The comic threesome’s oeuvre led them along a left-field pathway. “The Hagashash material demanded a very different approach, in terms of working with the screen [with original footage and new graphics], with regard to having a choir of 50 girls, and having two actors on stage, too.” It is, says Oppenheim, a delicate balancing act. “We have our aesthetic principles, but we always have to see what the material demands from us. So, even if we are talking about the same format, the end result is very different from, for example, The Roosters’ performance.”

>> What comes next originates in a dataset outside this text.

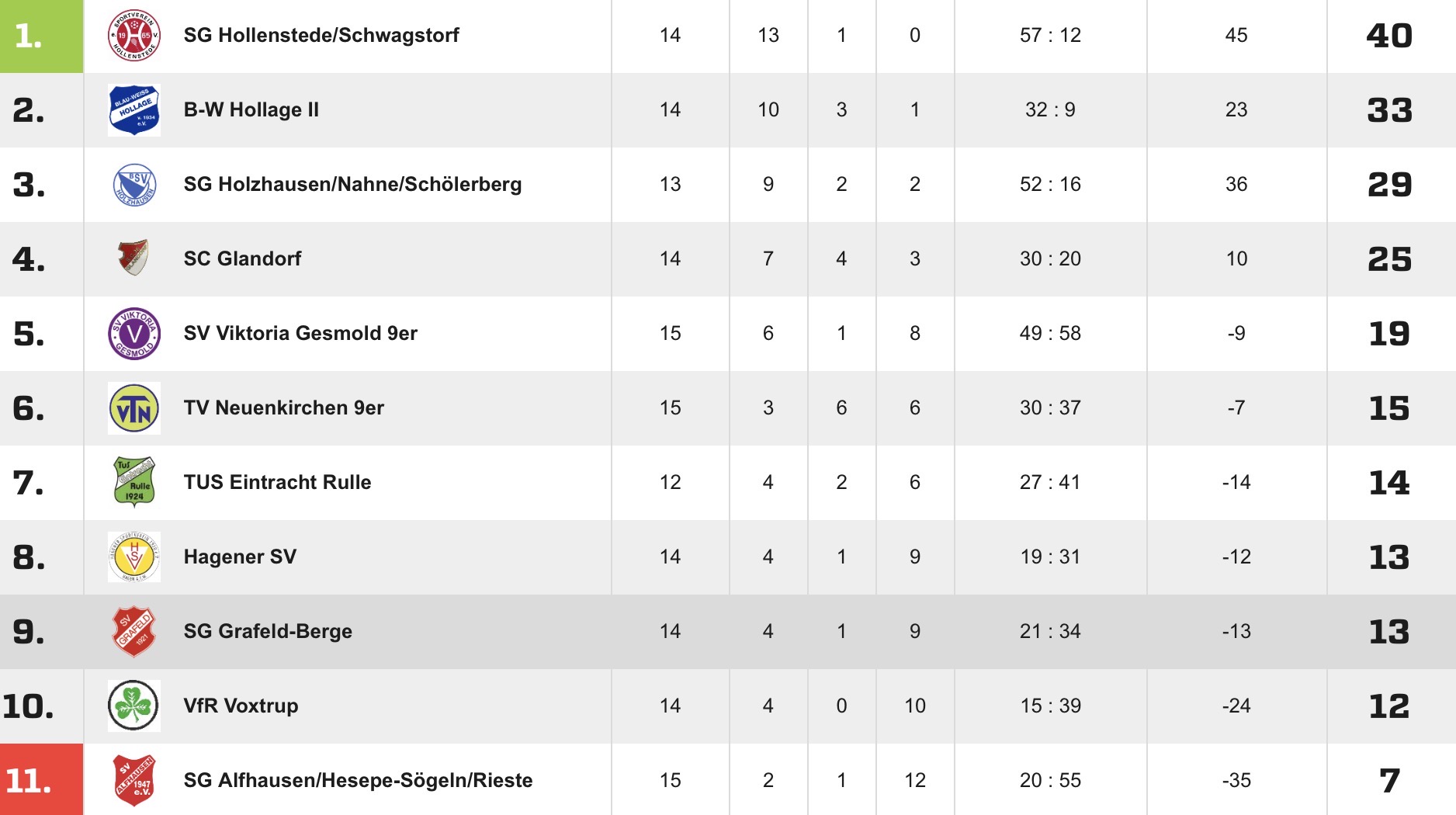 SG Grafeld-Berge ist jetzt mit 13 Zählern punktgleich mit Hagener SV, platziert sich jedoch aufgrund des schlechteren Torverhältnisses von 21:34 auf dem neunten Rang etwas dahinter. Beide Teams fuhren in dieser Saison bisher vier Siege ein.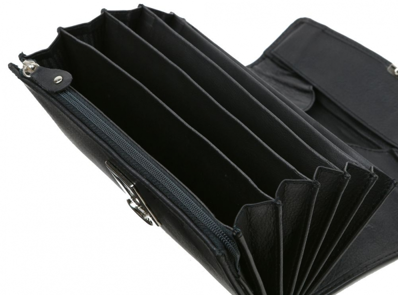 Vybavená množstvom priehradok pre bankovky, klasickým zipsovým mincovníkom a širokým prehľadným francúzskym mincovníkom. Celokoženkové vnútro (všetky steny, celý francúzsky mincovník vrátane zipsového mincovníka).

That also impacts on the ensemble lineup whereby if, for example, there is a more Middle Eastern slant to the source artists, there may be a more ethnic instrument or two woven into the sonic fabric.

There are also logistics to contend with.

“For The Roosters show we didn’t have much in the way of raw material,” says Sharon. “We had poor-quality footage from a show they did on Belgian TV [from 1963], with [Dutch] subtitles. Taking that and creating a show of an hour or an hour and a quarter was quite a challenge.”

However, it seems they duly got the job done, with the end result doing justice to the original musical and visual offerings, but with some healthy contemporary seasoning.